After locating the line that holds "Mais revenons à", copy that line and all that follow it word for word through the end of the data, with no pictures.

*** Opening of Data shown ***

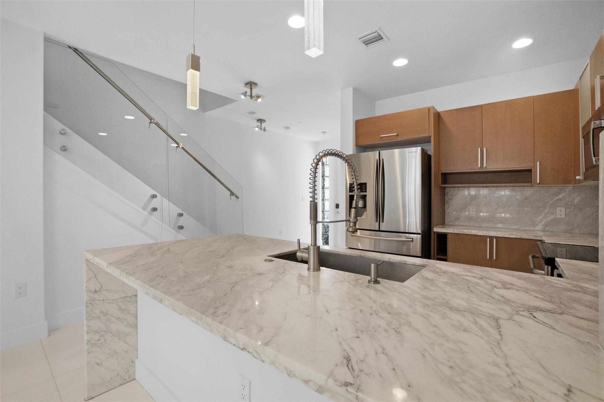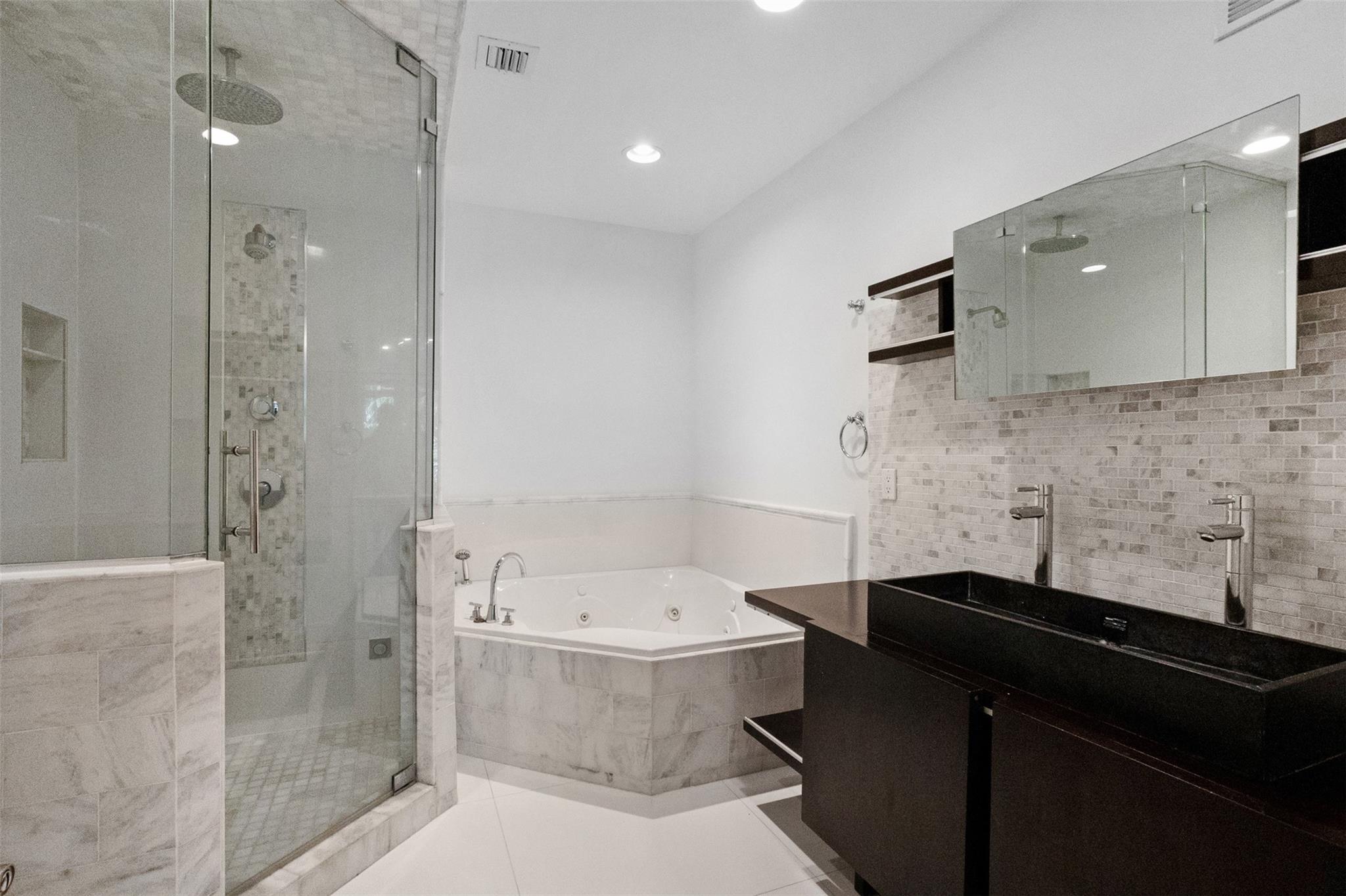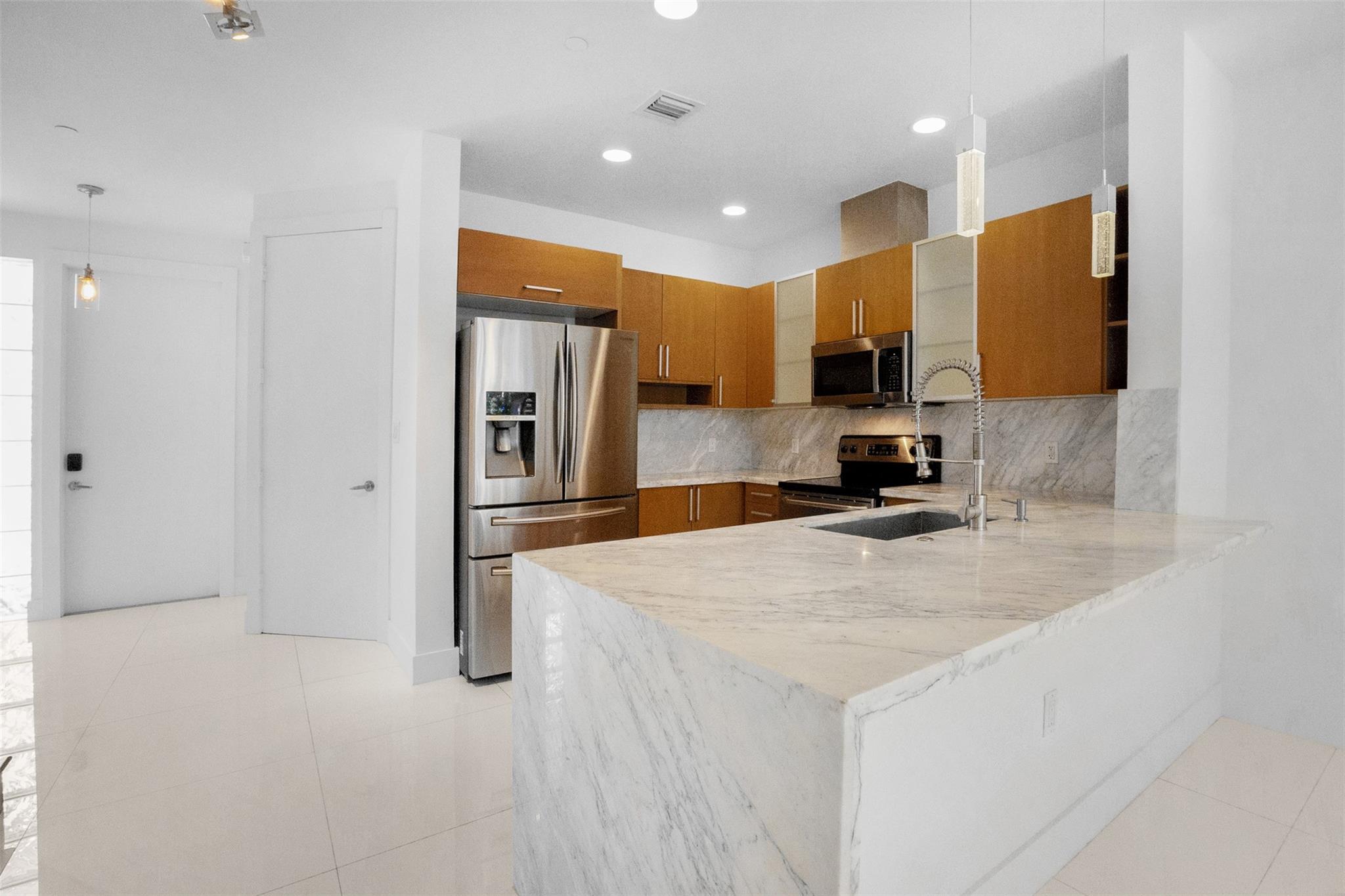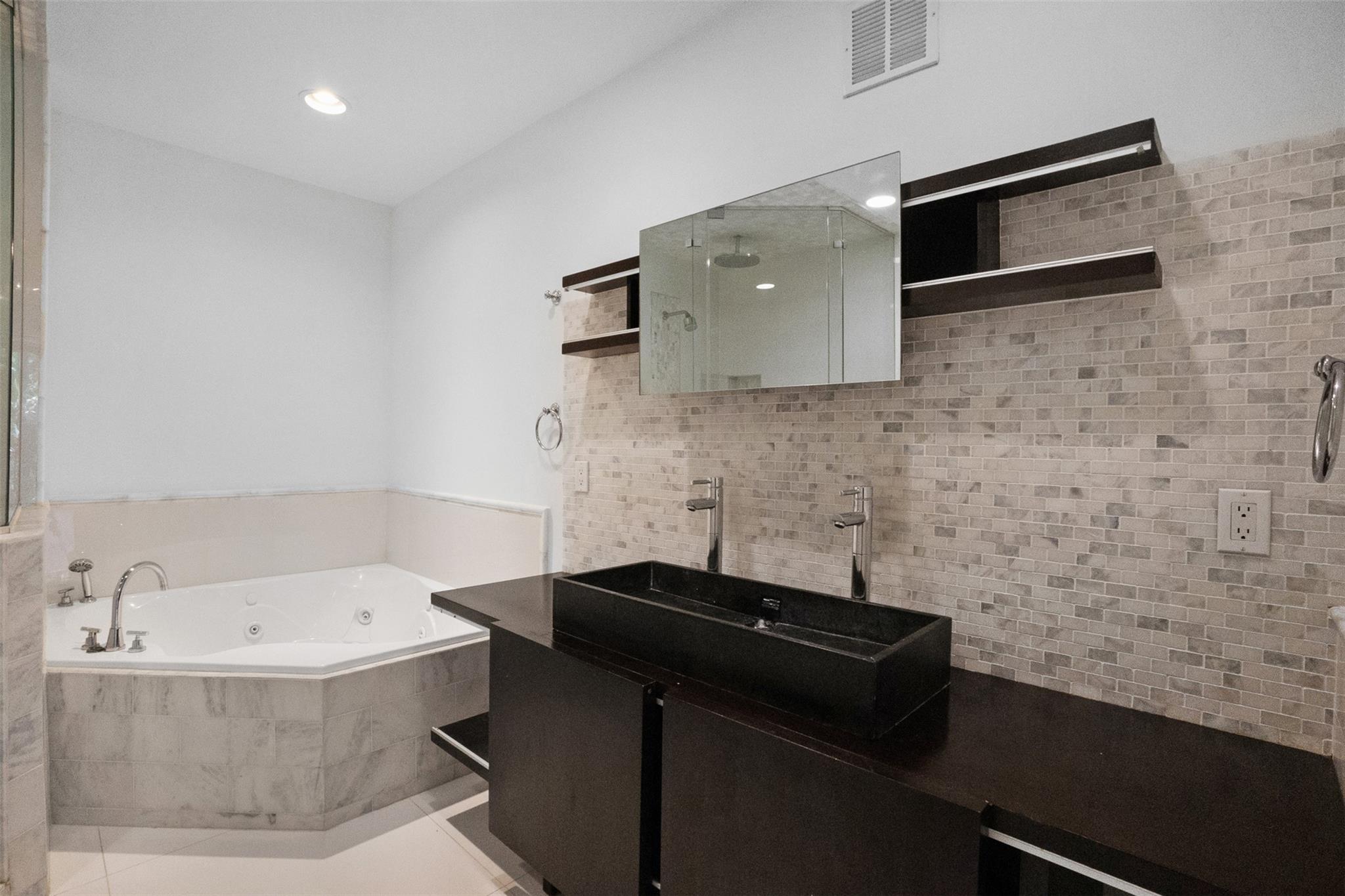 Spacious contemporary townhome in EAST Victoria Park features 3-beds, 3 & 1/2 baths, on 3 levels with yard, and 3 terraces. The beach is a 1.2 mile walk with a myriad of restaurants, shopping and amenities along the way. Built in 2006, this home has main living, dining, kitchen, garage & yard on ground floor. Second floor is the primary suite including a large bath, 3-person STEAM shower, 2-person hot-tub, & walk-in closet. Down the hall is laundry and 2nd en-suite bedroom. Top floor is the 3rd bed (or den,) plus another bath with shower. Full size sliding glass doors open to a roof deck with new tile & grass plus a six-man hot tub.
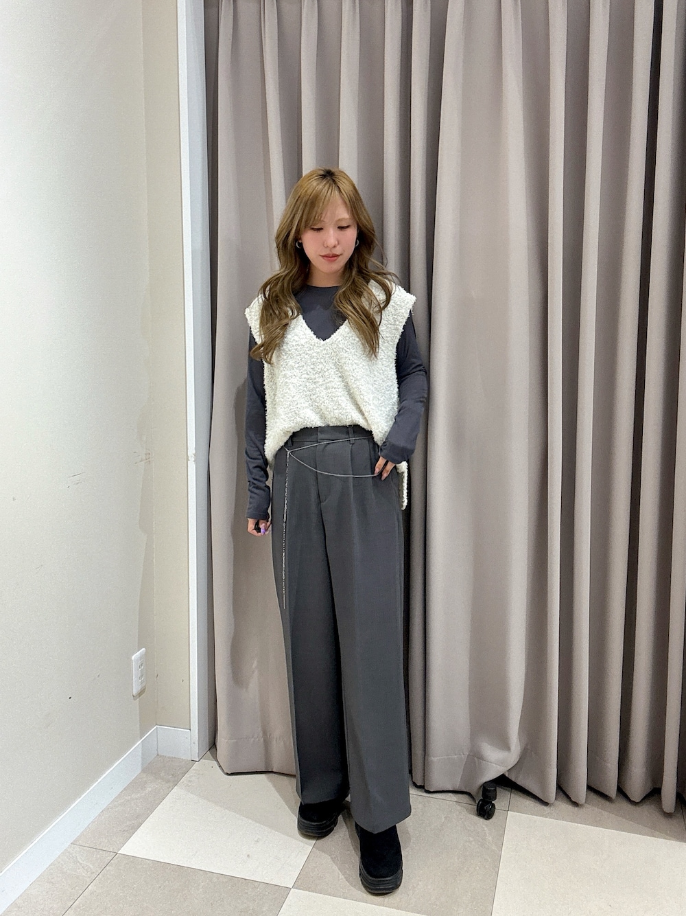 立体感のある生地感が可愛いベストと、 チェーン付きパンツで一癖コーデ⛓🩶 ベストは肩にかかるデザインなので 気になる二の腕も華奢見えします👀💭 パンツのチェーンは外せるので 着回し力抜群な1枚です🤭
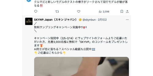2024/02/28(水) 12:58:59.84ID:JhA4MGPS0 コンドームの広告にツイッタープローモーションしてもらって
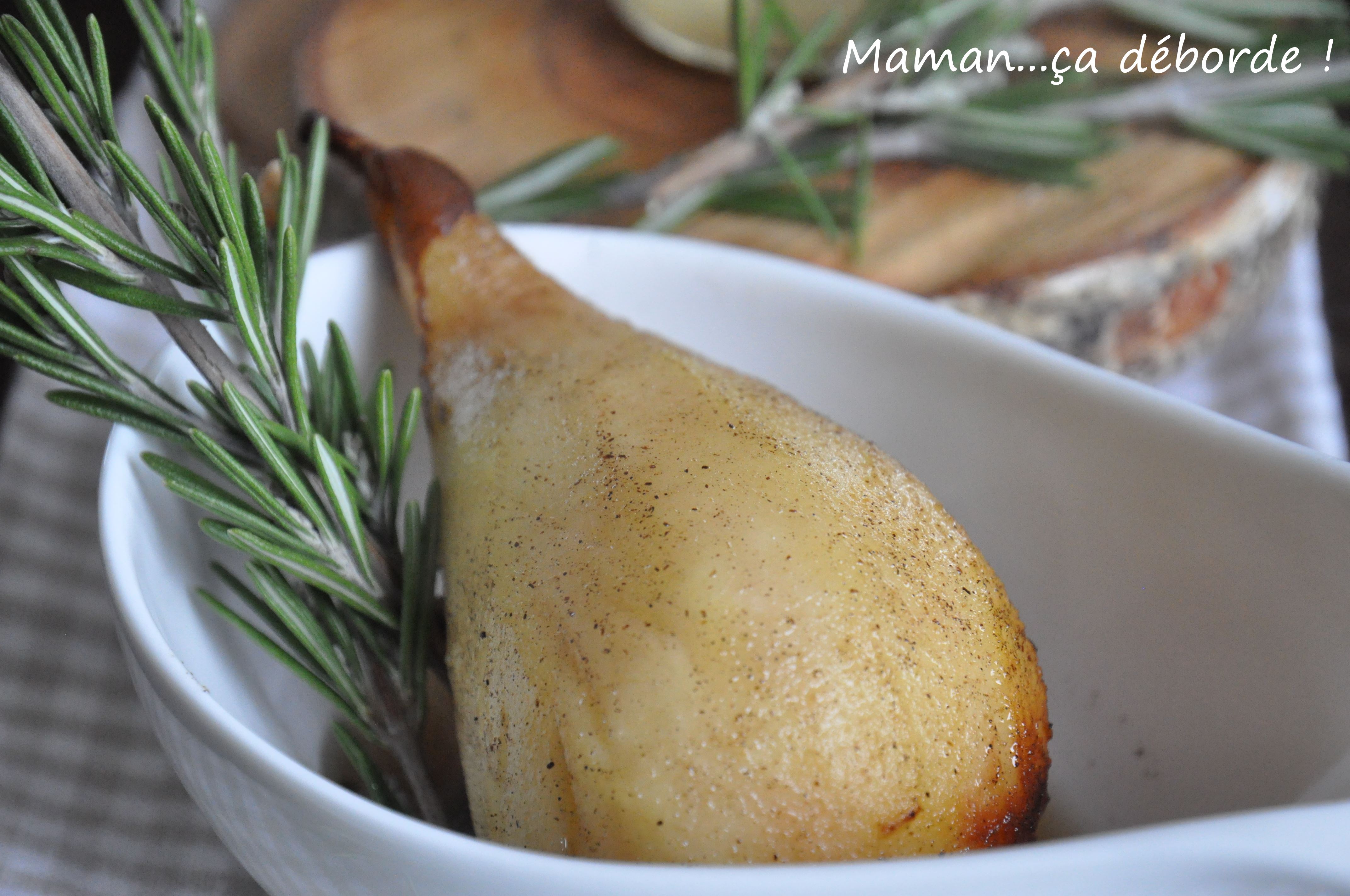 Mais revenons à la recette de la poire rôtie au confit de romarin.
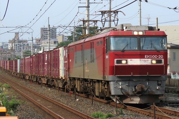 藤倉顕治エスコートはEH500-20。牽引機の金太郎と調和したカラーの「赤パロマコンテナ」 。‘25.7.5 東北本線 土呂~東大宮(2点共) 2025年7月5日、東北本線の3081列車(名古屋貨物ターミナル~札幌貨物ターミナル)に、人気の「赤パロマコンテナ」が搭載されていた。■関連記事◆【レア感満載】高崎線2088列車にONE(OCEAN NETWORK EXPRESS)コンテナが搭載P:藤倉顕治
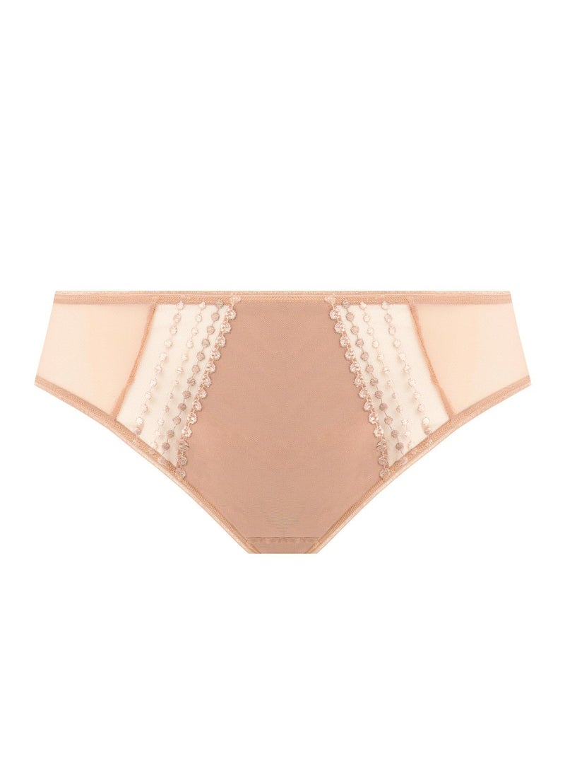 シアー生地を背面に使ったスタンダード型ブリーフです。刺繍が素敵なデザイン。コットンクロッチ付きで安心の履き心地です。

*** Close of Data shown ***

→ Result:
 Mais revenons à la recette de la poire rôtie au confit de romarin.
 藤倉顕治エスコートはEH500-20。牽引機の金太郎と調和したカラーの「赤パロマコンテナ」 。‘25.7.5 東北本線 土呂~東大宮(2点共) 2025年7月5日、東北本線の3081列車(名古屋貨物ターミナル~札幌貨物ターミナル)に、人気の「赤パロマコンテナ」が搭載されていた。■関連記事◆【レア感満載】高崎線2088列車にONE(OCEAN NETWORK EXPRESS)コンテナが搭載P:藤倉顕治
 シアー生地を背面に使ったスタンダード型ブリーフです。刺繍が素敵なデザイン。コットンクロッチ付きで安心の履き心地です。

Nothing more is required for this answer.